Full Marijuana Legalization Headed For 2010 Ballot, Group Says
A pro-marijuana group funded in part by Oakland coffee shop entrepreneur Richard Lee says it has more than enough signatures to put a full-legalization initiative on the November, 2010 ballot.
Associated Press reports that Lee's group says it has way more than the 434,000 signatures it needs to put the issue before state voters and that it will submit its John Hancocks to the Secretary of State next month for validation.

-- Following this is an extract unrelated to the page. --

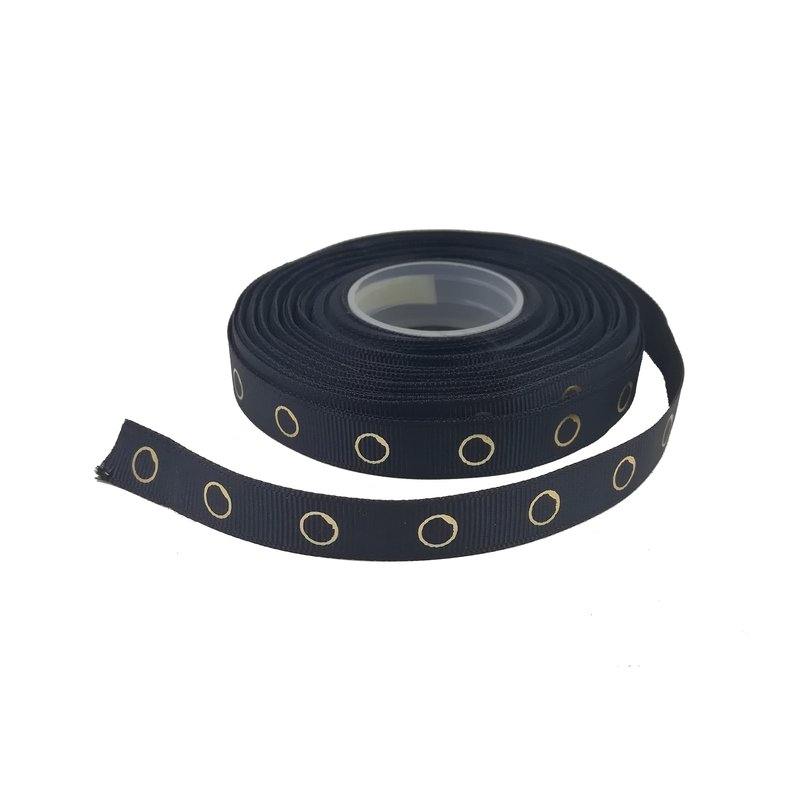 4/8"黑色平面烫金圆圈缎带LJ079 禮物 |

The law would go beyond 1996's Prop. 215, which legalized the collective, nonprofit cultivation of marijuana for those "seriously ill" people with doctor's notes. Medical marijuana dispensaries in Los Angeles have mushroomed to 545, prompting the city of L.A. to propose a law that would limit the number of so-called pot shops to about 137 and to place requirements on them that would limit business to nonprofit sales and on-site cultivation.
The initiative might make all that a nonstarter unless the city wants to go ahead with deeper regulations than that state might require (there are cities in the state, for example, that have no dispensaries). No longer would we be debating the pros and cons of medical marijuana. This proposal takes the medical out of the equation.
The Lee-backed law would legalize the possession of one ounce of pot for people aged 21 and older. Residents could also grow the plants in areas limited to 25 square feet.